MTN Group has reiterated its commitment to offload 15% of its shareholding in MTN Nigeria to indigenous investors in phases amidst the disruption of stock market activities by the COVID-19 outbreak.
The move comes almost a year after MTN listed the unit on the county’s stock exchange, valuing the business at $5 billion at the time.
Its proposed sale in Nigeria is part of a broader three-to-five-year plan to dispose $1.4 billion-worth of assets, which could be put on the fence for now, added Mupita.
The carrier’s Chief Financial Officer, Ralph Mupita, who disclosed this in a recent interview with Bloomberg, said the reverberations of the coronavirus outbreak in the international financial markets did not diminish the imperative of selling part of MTN’s stake.
“In Nigeria, we still want to do part of our retail offer, even if it’s a smaller part of the total planned sale. We are applying our minds to doing this at the moment.”
Mupita said the company, naturally, had no visibility on how it could all play out, but pointed to strong cash generation for its pre-paid contracts business and a resilient balance sheet.
He also told Bloomberg the company was preparing for a larger increase in data usage as more markets go into lockdown.

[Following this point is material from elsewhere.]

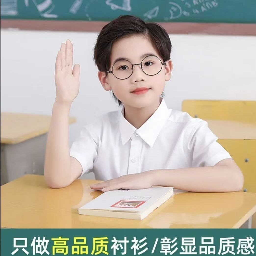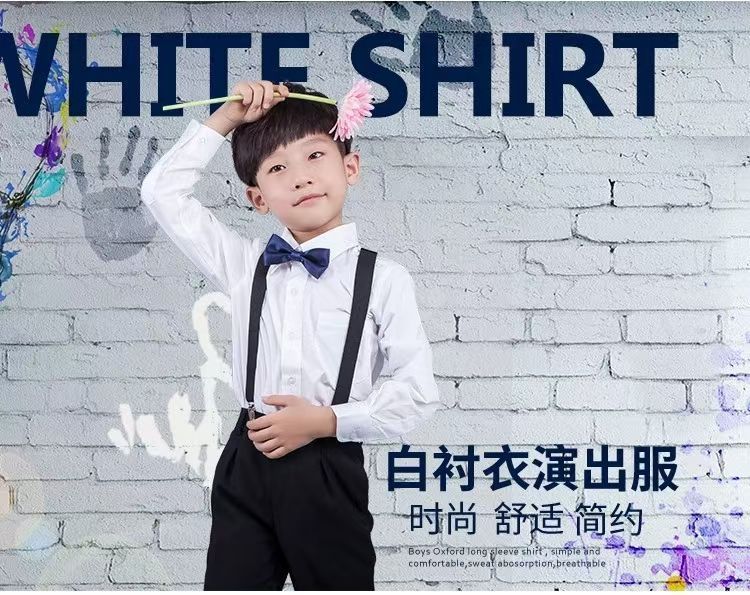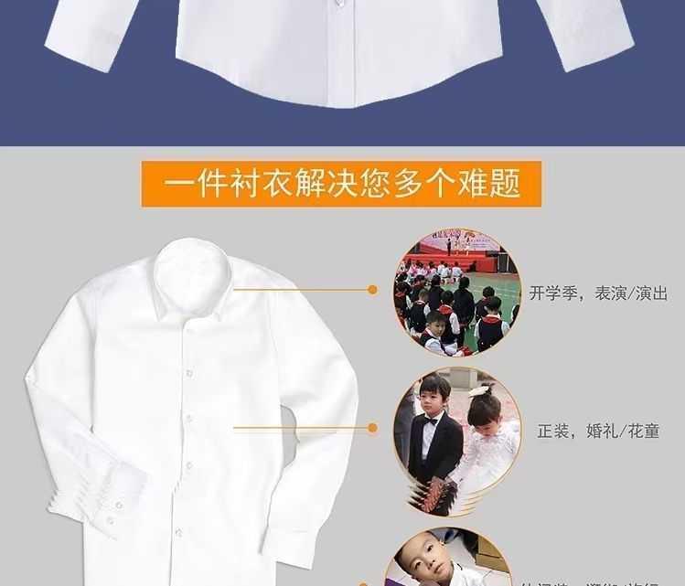 子供用の白いシャツの男の子と女の子の長袖の純綿の白いシャツの春と夏の小中学生の制服の表は服装を演出します。

“We want to make sure that our networks have resilience and capacity,” he said. “We are looking at where we can drive broader coverage.”
The telco, currently Nigeria’s second biggest publicly quoted company by market capitalisation, is offloading part of its shares in its Nigerian operations after frequently coming head-to-head with the Nigerian Government over tax evasion and regulatory bottlenecks with potential fines coming to about $15 billion in just five years.
Since debuting on the Nigerian Stock Exchange last May, MTNN stock has been at the mercy of negative market sentiments, slumping to its listing price of N90 yesterday after almost eleven months of listing.
The South-Africa based Africa’s biggest wireless operator which holds 79% state in its subsidiary operations in Nigeria, made one third of its income and nearly 40% of profit before interest, taxes from Nigeria in 2019.